L’O: En los últimos años has estado un poquito más alejado del teatro; has hecho, pero menos que antes, porque se te abrió el mundo del cine ¿Qué ha significado eso para ti?

AC: Bueno, he actuado en teatro, pero siento una pérdida, fíjate. Porque me gusta mucho el teatro. Siento que el teatro es la cuna, la matriz de lo que uno puede hacer en cine. Actuar y dirigir en teatro me parece importantísimo. Es una experiencia impagable, imborrable y me ha servido mucho. Mi formación teatral me sirve para mi proceso como actor en cine. Porque en el teatro tú ensayas una obra y la vas editando inmediatamente en los ensayos (...) Y yo encuentro que es supercientífico. Tú pruebas una escena toda una tarde, una semana completa; vas probándola, cambiándola, viendo las emociones que en ella surgen, las entradas, salidas, los vestuarios, todo. Y dices ‘esto es’, porque esto científicamente estoy viéndolo. Esto emociona, tiene estructura, tiene un viaje narrativo. Entonces “esto es y esto queda”. Y vamos a la otra escena, al otro acto. ¿Me entiendes? Y eso me permite, como actor en el cine, y respetando mucho la dirección de quien está dirigiendo la película, editar mi actuación. Y también vivir con plena y absoluta libertad lo que se me está ofreciendo en escena.

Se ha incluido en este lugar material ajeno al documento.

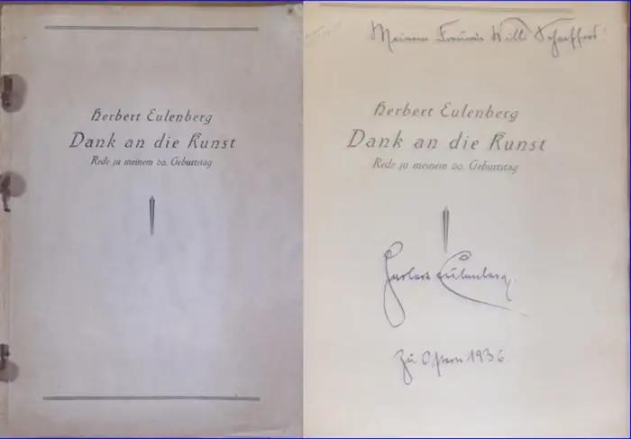 Eulenberg, Herbert: Dank an die Kunst. Rede zu meinem 60. Geburtstag.
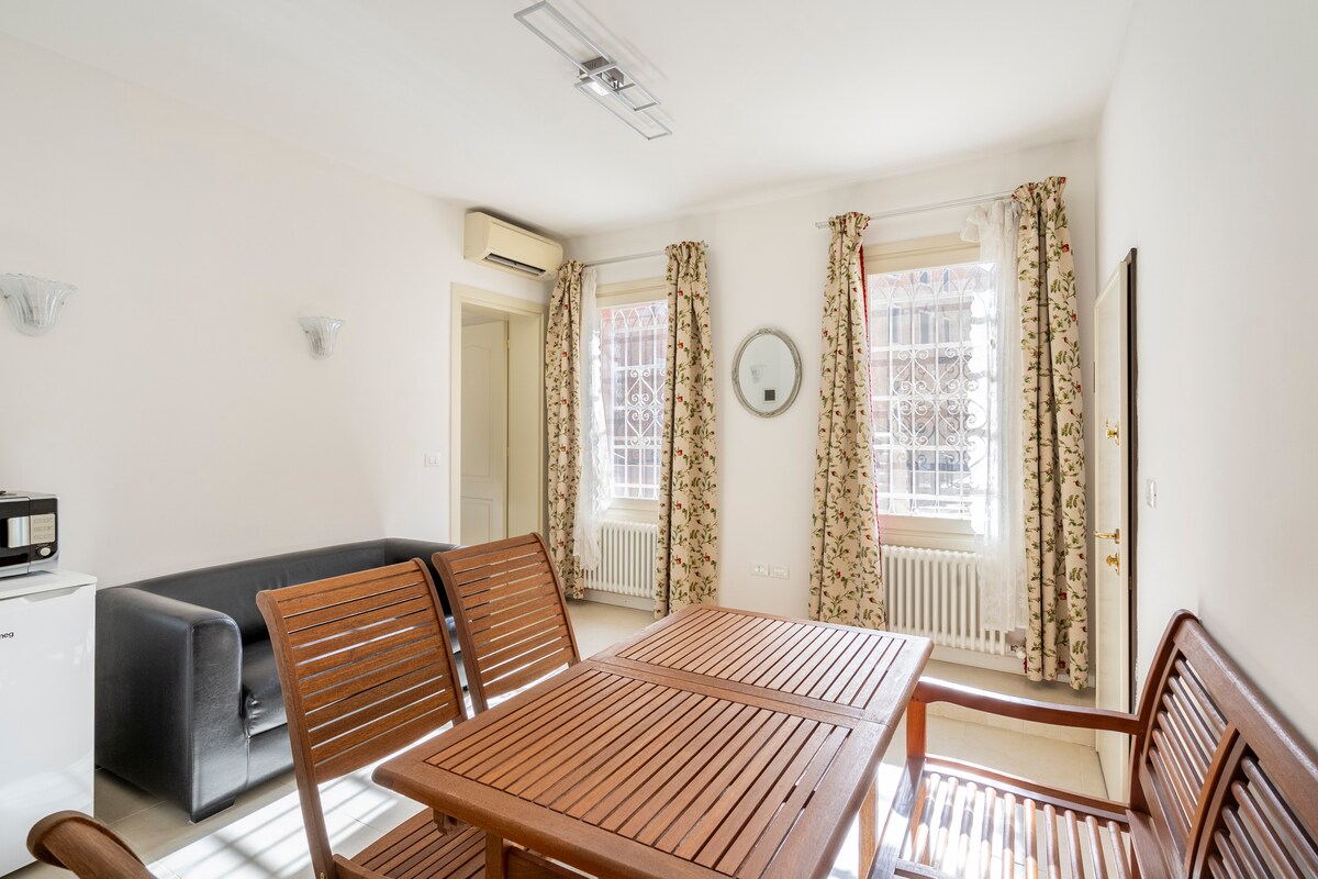 Casa al Ponte Scudi is a luxurious apartment of about 80 sqm. Housed in an ancient 13th century Franciscan convent, it is located on the ground floor and consists of an entrance hall, a large living room with separate kitchen, a large double bedroom with ensuite bathroom with bathtub, two alcoves. with sofa beds and a second bathroom with a big shower. The house has 4 windows with breathtaking views of the canal, WiFi connection, AC system and details of great refinement and design.
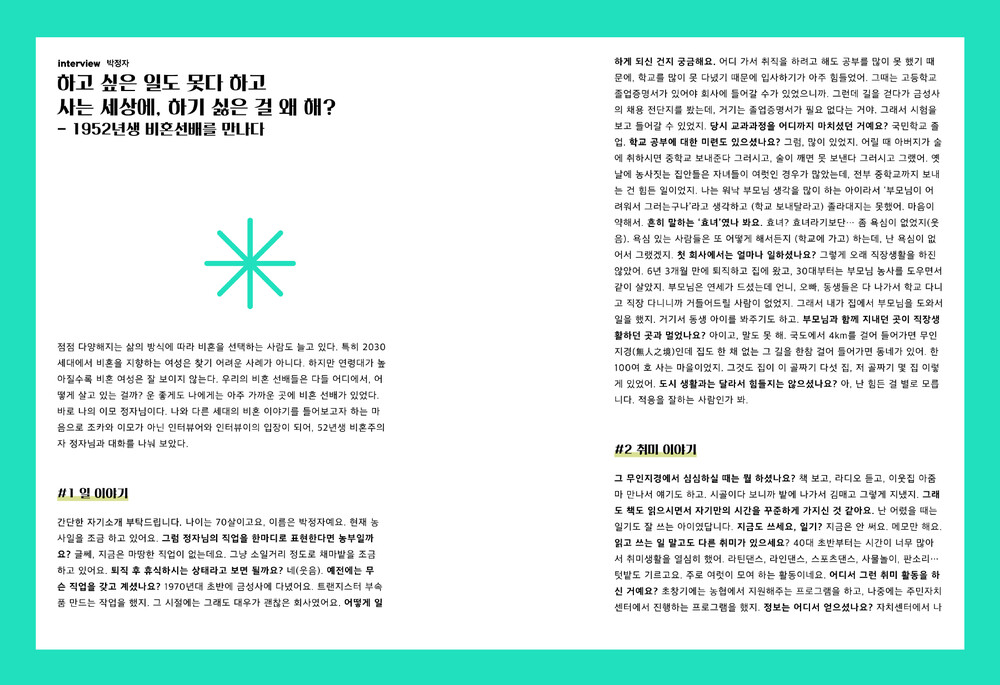 10대부터 70대까지, 다양한 세대 비혼의 이야기와 생각은 물론 비혼이 받는 정책적 차별에 대한 생각과 성소수자 비혼으로 나이 들어가는 일, 이혼을 통해 다시 비혼이 된 이야기까지… 다양한 비혼 이야기를 만날 수 있습니다.

Y cuenta algo que aprendió de la escritora chilena Diamela Eltit: “Ella me dijo ‘para mí escribir es un acto de profunda libertad, donde yo soy muy feliz, y eso es superimportante’. Y yo dije ‘¡qué lección más preciosa!’. Entonces cuando hago teatro o hago cine, como te digo, soy respetuoso de las jerarquías, pero pido un espacio de libertad para sentirme en mi cuerpo, porque soy un actor que más bien somatizo mis personajes".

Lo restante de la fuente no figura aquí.